1 Basic interpretative provisions

(1) In this Act, unless the context otherwise requires -

"personal data" means data which relate to a living individual who can be identified -

(a) from those data, or

(b) from those data and other information which is in the possession of, or is likely to come into the possession of, the data controller,

and includes any expression of opinion about the individual and any indication of the intentions of the data controller or any other person in respect of the individual;

2 Sensitive personal data

In this Act "sensitive personal data" means personal data consisting of information as to-

(a) the racial or ethnic origin of the data subject,

(b) his political opinions,

(c) his religious beliefs or other beliefs of a similar nature,

(d) whether he is a member of a trade union (within the meaning of the Trade Union and Labour Relations (Consolidation) Act 1992),

(e) his physical or mental health or condition,

(f) his sexual life,

(g) the commission or alleged commission by him of any offence, or

(h) any proceedings for any offence committed or alleged to have been committed by him, the disposal of such proceedings or the sentence of any court in such proceedings.

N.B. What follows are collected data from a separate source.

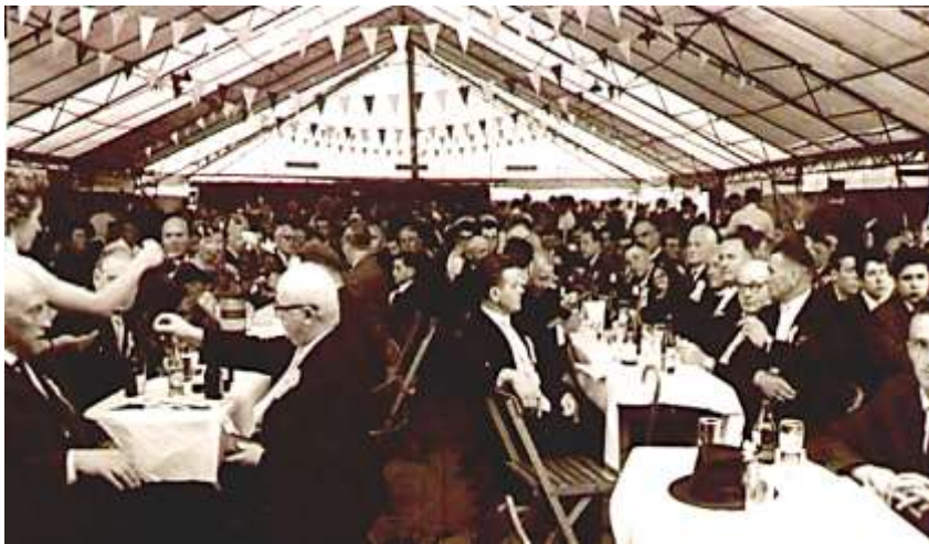
1963 Musikfest 50 Jahre MV 1913 e.V.

Der Musikverein 1913 nach 1949 musizierte man mit den ehemaligen Musikern im kleinen Kreise. Die verbliebenen wenigen Musiker spielten lediglich noch die Fronleichnamsprozession im Dorf, die aber nur durch die Mithilfe auswärtiger Musiker zu bewältigen war. Kirche und Gemeinde erkannten die Notwendigkeit und Bedeutung eines Blasorchester im religiösen und kulturellen Leben eines Dorfes. Ein Aufruf des damaligen Pfarrers Hein und die Zusage einer finanziellen Unterstützung durch die Zivilgemeinde gaben den Anstoß zur Wiederbelebung des Musikvereins. In der Woche nach dem Fronleichnamfest 1958 fand im Bürgermeisteramt eine Versammlung statt, deren einziges Ziel es war, junge Leute zu finden, die bereit waren, ein Musikinstrument zu erlernen und in den Musikverein einzutreten. Hierzu hatte Bürgermeister Schneider die „alten Musiker“ zu einer Beratung eingeladen. Zusätzlich wurde 1960 durch Lehrer Braun 14 Schüler geworben die ein Instrument lernten und Eltern über Raten abbezahlen.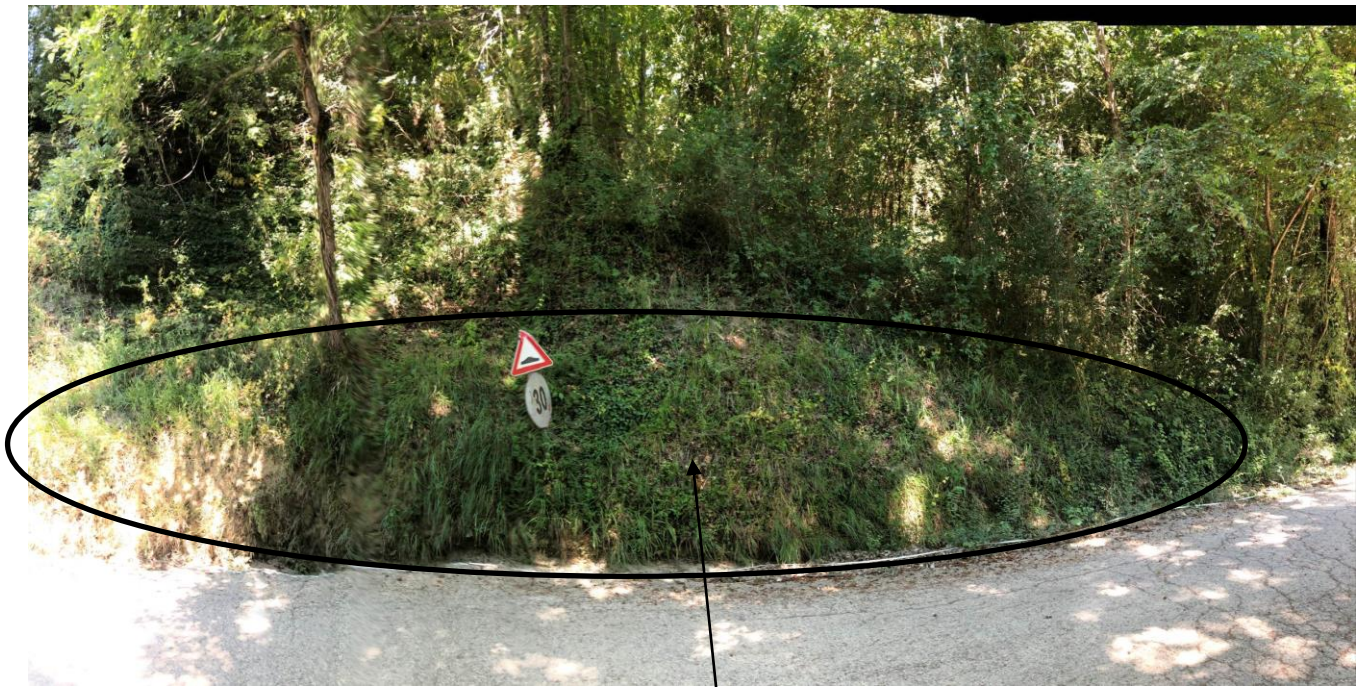
Vista panoramica di fronte; è indicata la zona da contenere.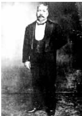
旧上海“地皮大王”欧司·哈同

在中国近代史上，房地产市场风云变幻的背后从来就不缺少外资的身影，而在100年前的上海，由犹太人组成的“炒房团”通过炒卖地皮房产，在短期内积聚了巨额财富，成为了中国乃至整个远东地区最富有的群体。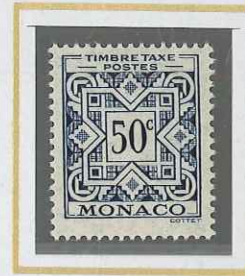
50 c BLEU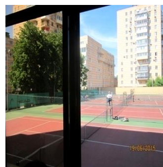
Участок по ул. Средне-Московская, 66 ДЮСШ № 1 не оформлен

В нарушение Федерального закона «О некоммерческих организациях» договоры аренды, заключенные 5-ю школами, учредителем не согласованы. Это стало возможным в отсутствие в городском округе утвержденного Порядка предварительного согласования совершения бюджетным учреждением крупных сделок. Помимо этого, руководством СДЮСШОР № 13 в нарушение всех существующих норм и правил самовольно возведена пристройка к зданию, которая сдавалась в аренду, игнорируя нормы действующего законодательства. Незаконно возведенные здания и сооружения расположены и на территории СК «Олимпик» (СДЮСШОР № 12).

Schedule 1 - The data protection principles

Part I - The principles

1. Personal data shall be processed fairly and lawfully and, in particular, shall not be processed unless -

(b) in the case of sensitive personal data, at least one of the conditions in Schedule 3 is also met.

Schedule 3 - Conditions relevant for the purposes of the first principle: processing of sensitive personal data

1. The data subject has given his explicit consent to the processing of the personal data.

5. The information contained in the personal data has been made public as a result of steps deliberately taken by the data subject.